[Data entries]
· · · · · · ·

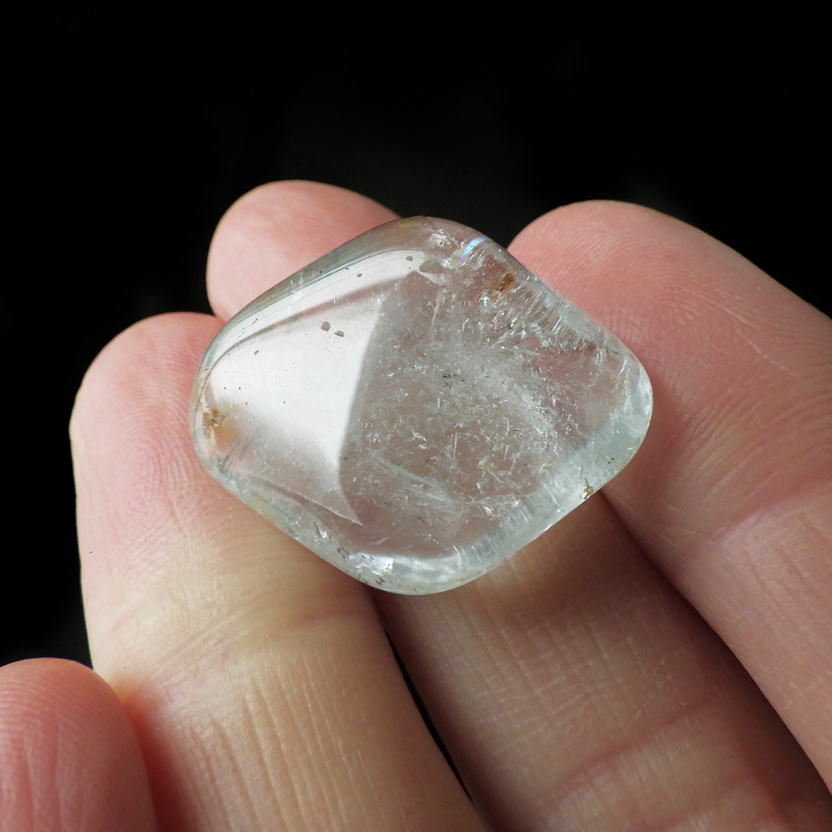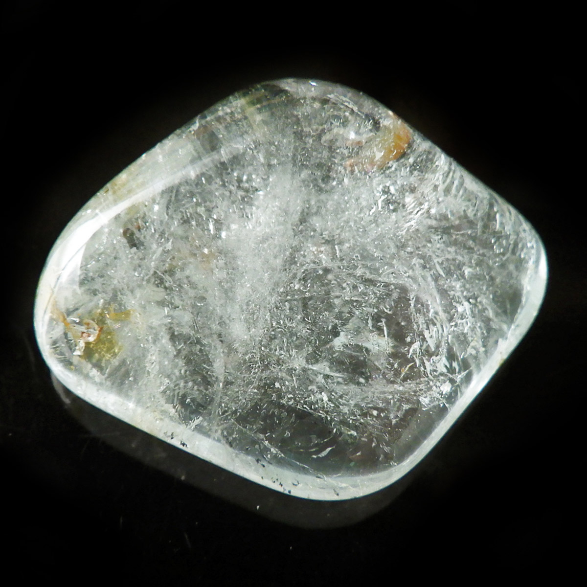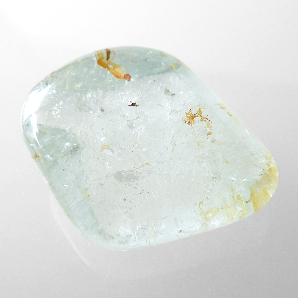 ブラジル産のブルートパーズ、タンブルです。トパーズは様々な色を持つ鉱物であり、和名を「黄玉(おうぎょく)」というように、本来は「黄色からオレンジ色」のトパーズがスタンダードなカラーとなっています。
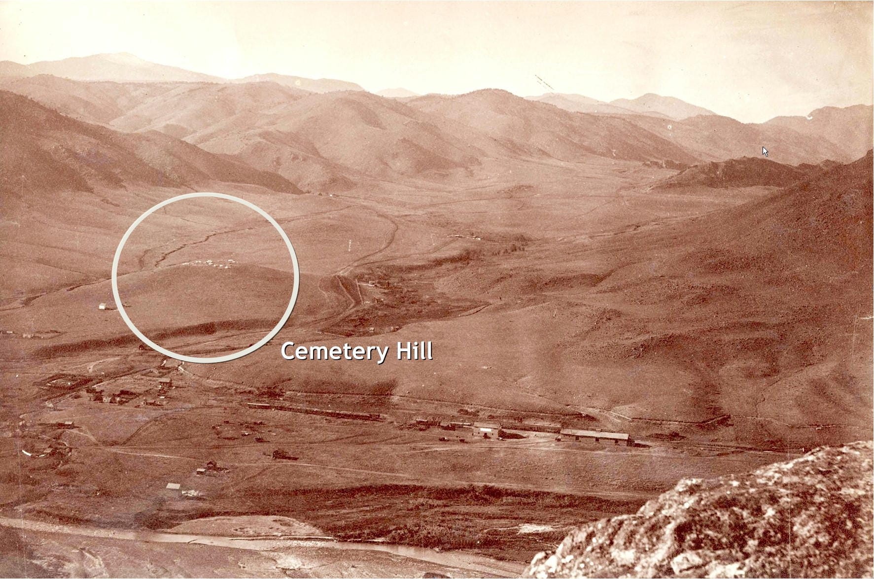 Golden’s original cemetery was located on a hill north of the city (map). It was probably chosen for its magnificent view, but as the quote above indicates, it was a difficult point to access–particularly for those conveying a coffin to the spot.
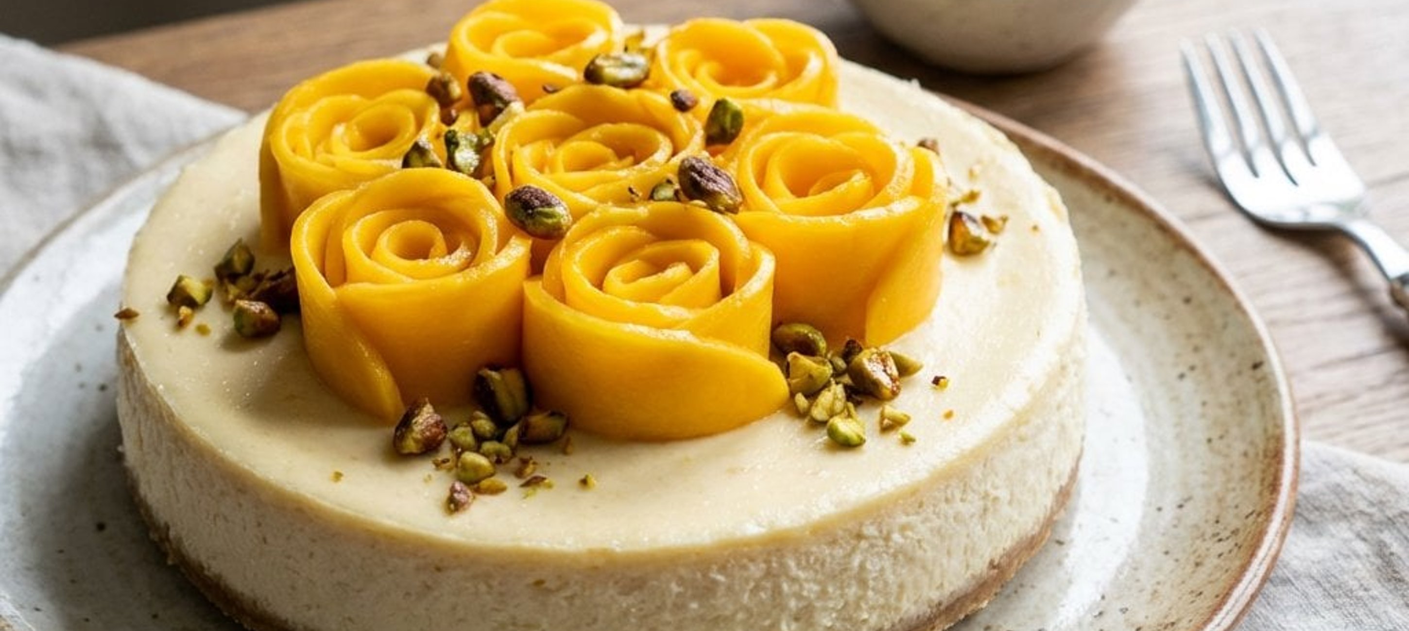 - 2A mangót hámozzuk meg, távolítsuk el a magját, és vágjuk vékony szeletekre (használhatunk burgonyahámozót is). A szeleteket tekerjük fel kis rózsákká, és díszítsük velük a tortát. Végül szórjuk meg az aprított karamellizált pisztáciával.
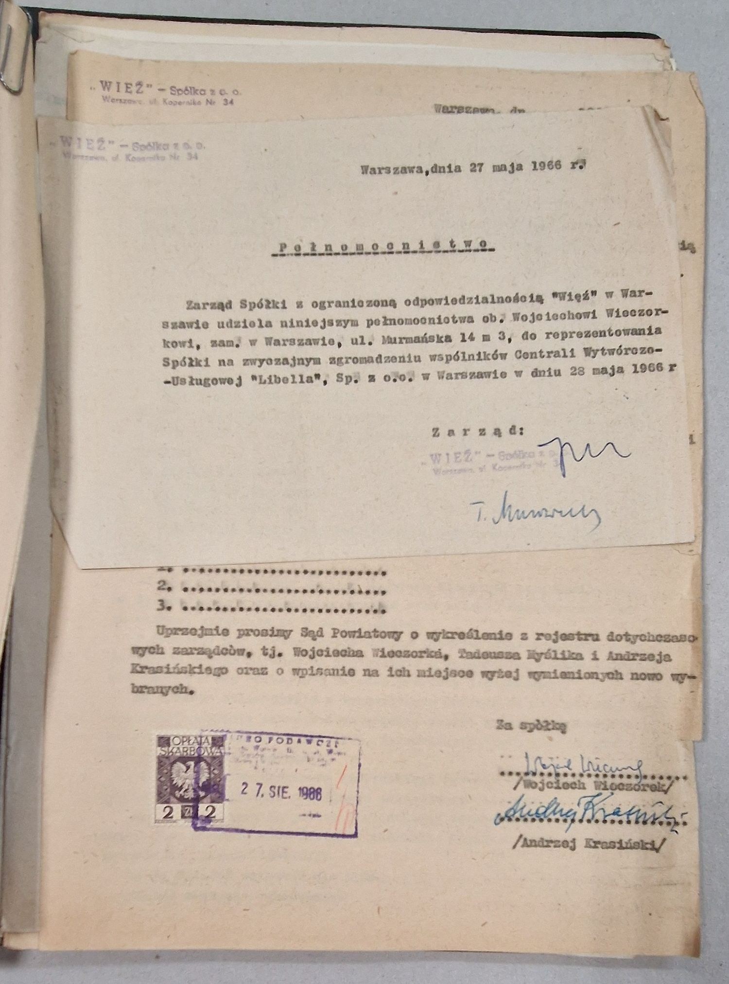 - arkusik z pełnomocnictwem (kopia przez kalkę, z odręcznymi podpisami), na papierze opieczętowanym „Wieź” - Spółka z o.o. Warszawa, ul. Kopernika Nr 34, z 27 maja 1966, upoważniająca Wojciecha Wieczorka reprezentowania wydawnictwa „Więź” na zwyczajnym zgromadzeniu wspólników Centrali Wytwórczo-Usługowej „Libella” sp. z o.o. W Warszawie, w dniu 28 maja 1966. Podpisali członkowie zarządu „Więzi” - Tadeusz Mazowiecki i Janusz Zabłocki. Verso dopisek z prośbą o pilne przekazanie tegoż upoważnienia.
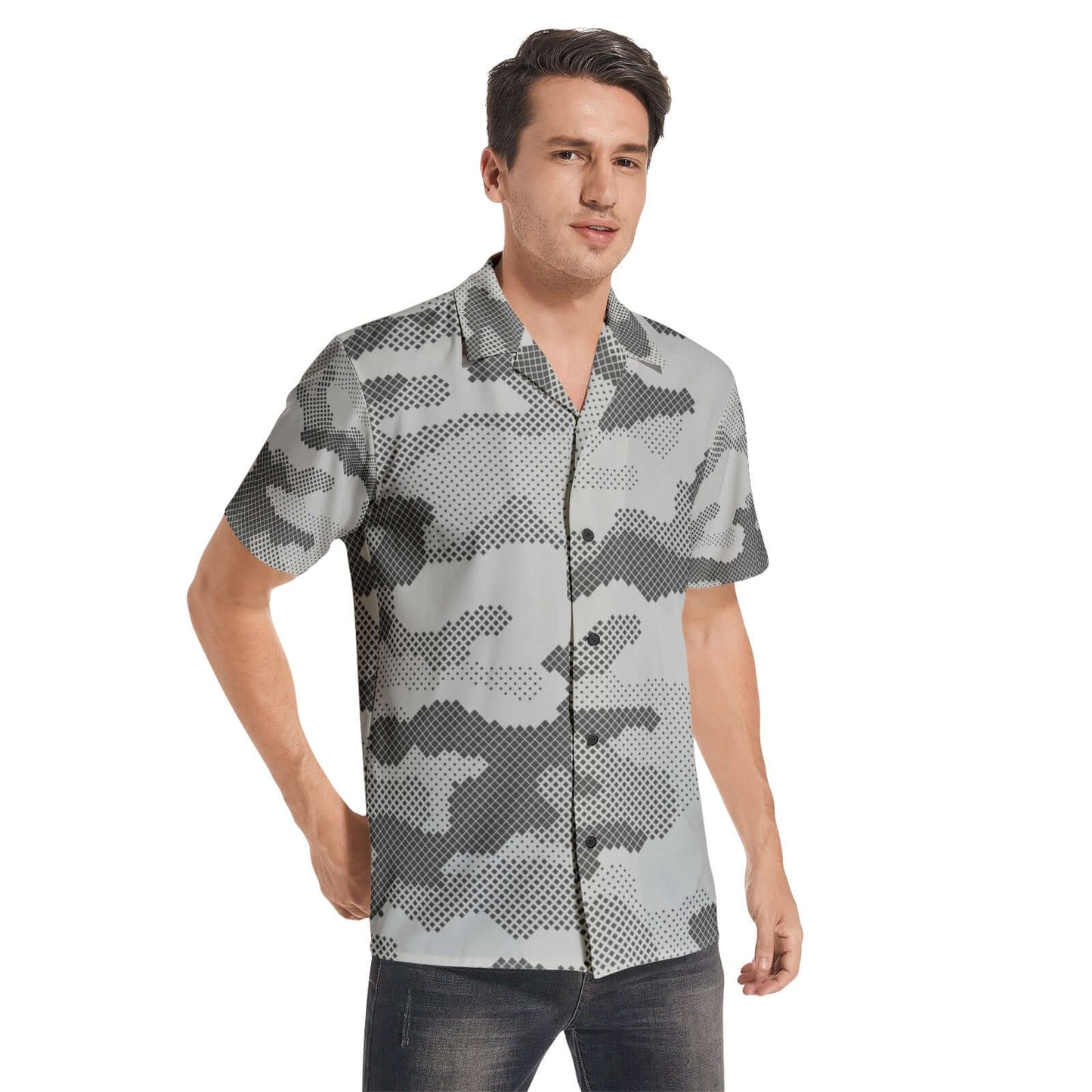 This Cotton Camo Shirt For Men features a stylish Gray Digital Short-Sleeve design, made from soft and breathable cotton fabric. Perfect for any casual occasion, this shirt offers both comfort and style, making it a must-have for any man's wardrobe. Stay cool and on-trend with this versatile piece.

· · · · · · ·

> Activity: From the records above, transcribe exactly the lines starting at the one containing "Golden’s original cemetery" and ending at the one containing "- arkusik z". Skip the pictures.

> Task response:
 Golden’s original cemetery was located on a hill north of the city (map). It was probably chosen for its magnificent view, but as the quote above indicates, it was a difficult point to access–particularly for those conveying a coffin to the spot.
 - 2A mangót hámozzuk meg, távolítsuk el a magját, és vágjuk vékony szeletekre (használhatunk burgonyahámozót is). A szeleteket tekerjük fel kis rózsákká, és díszítsük velük a tortát. Végül szórjuk meg az aprított karamellizált pisztáciával.
 - arkusik z pełnomocnictwem (kopia przez kalkę, z odręcznymi podpisami), na papierze opieczętowanym „Wieź” - Spółka z o.o. Warszawa, ul. Kopernika Nr 34, z 27 maja 1966, upoważniająca Wojciecha Wieczorka reprezentowania wydawnictwa „Więź” na zwyczajnym zgromadzeniu wspólników Centrali Wytwórczo-Usługowej „Libella” sp. z o.o. W Warszawie, w dniu 28 maja 1966. Podpisali członkowie zarządu „Więzi” - Tadeusz Mazowiecki i Janusz Zabłocki. Verso dopisek z prośbą o pilne przekazanie tegoż upoważnienia.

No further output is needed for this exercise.